Instructions for the task:
Below are the records; extract from them the line containing "Итоговые результаты, откровенно" to the line containing "Select your device", both lines included, exactly and with no pictures.

Record set:
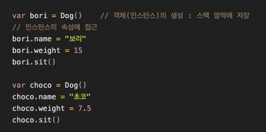 그리고 위와같이 Dog구조체를 이용하여 인스턴스를 생성해줄 수 있습니다.
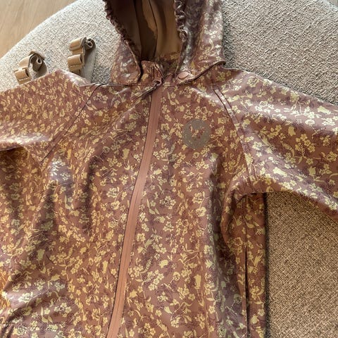 Jakken må vaskes, men finner ingen feil/ hull på den. Buksen må vaskes og har bruksmerker. Merkene på knærne bør teipes, det er begynnende hull. OBS: Dette er en tynn regndress som er fin ved lett regnvær, ikke særlig egnet for mye vær. Størrelsen 152, men opplever den som mindre.
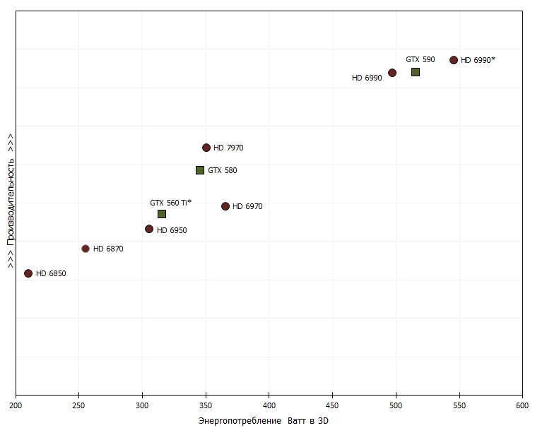 Итоговые результаты, откровенно говоря, разочаровывают, но, может быть, сам подход к оценке HD 7970 неправилен? 2011 год был годом энергоэффективности, любой производитель считал за честь объявить о достижениях на этом фронте.
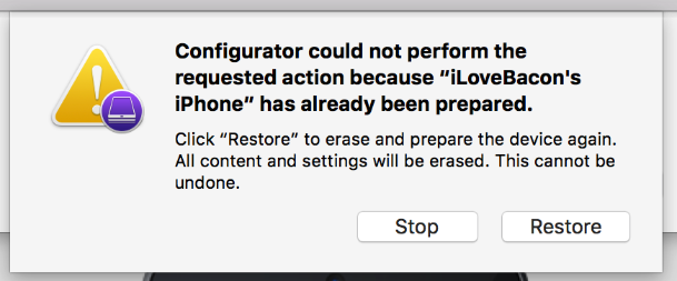 Select your device by clicking on it in the Apple Configurator, then click Prepare.
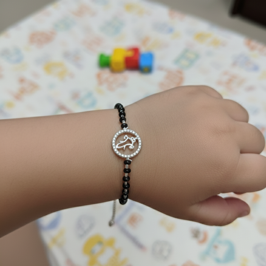 Blessed, adorable, and full of charm! Handcrafted in 92.5% pure silver with sparkling CZ stones, this Ganesha Nazariya comes with your choice of silver or 18K gold plating. Hypoallergenic and adjustable by half an inch, it’s made with love to keep your little one safe and stylish. ✨ For solid...
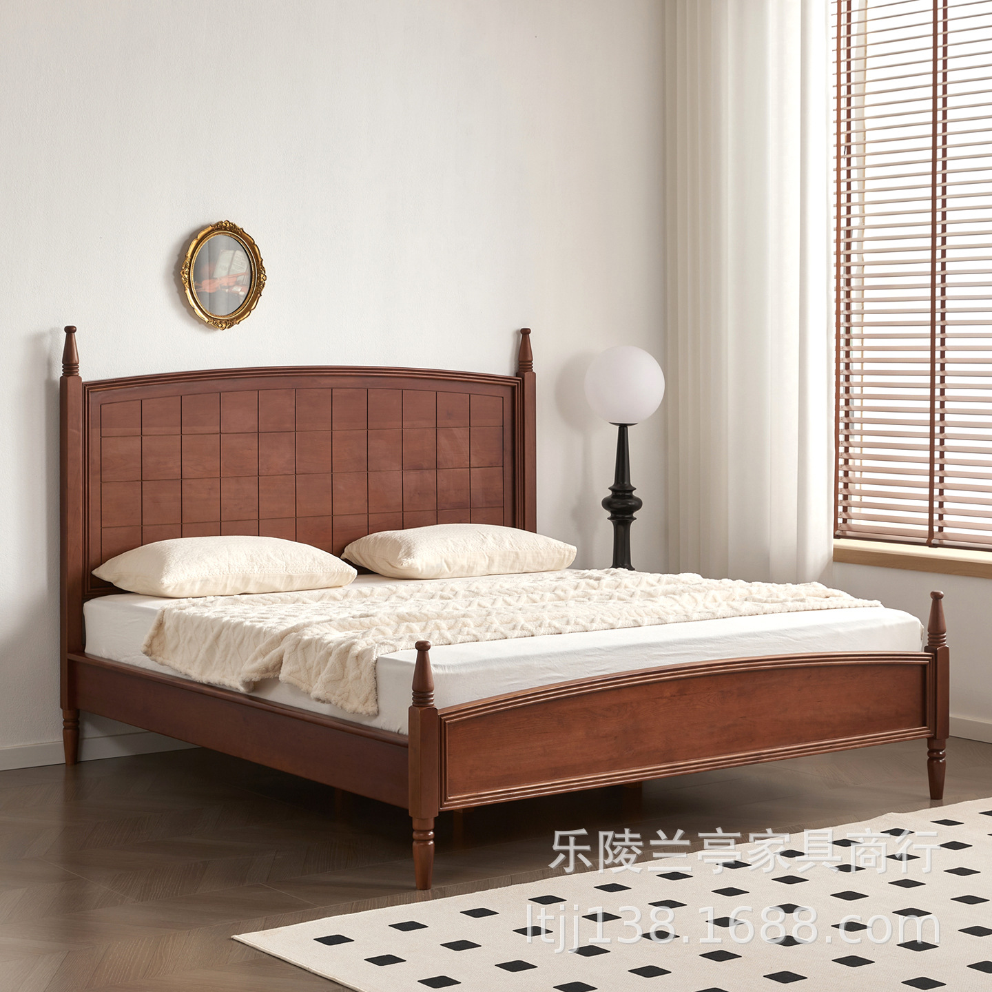 北欧法式复古实木床中古风主卧大床美式北美黑胡桃木卧室双人床
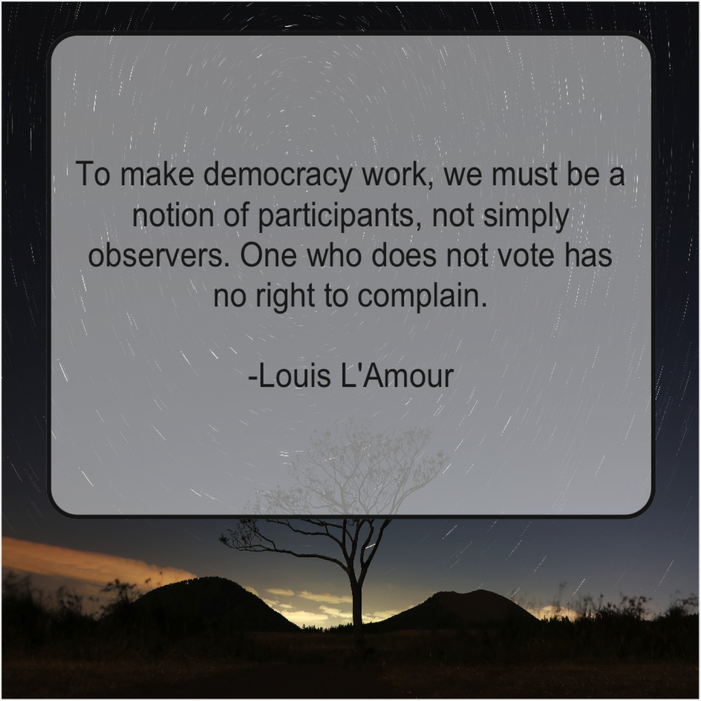 Louis L'Amour Louis L’Amour – To make democracy work, we… September 12, 2019 admin “To make democracy work, we must be a notion of participants, not simply observers. One who does not vote has no right to complain.”-Louis L’Amour

Expected output:
 Итоговые результаты, откровенно говоря, разочаровывают, но, может быть, сам подход к оценке HD 7970 неправилен? 2011 год был годом энергоэффективности, любой производитель считал за честь объявить о достижениях на этом фронте.
 Select your device by clicking on it in the Apple Configurator, then click Prepare.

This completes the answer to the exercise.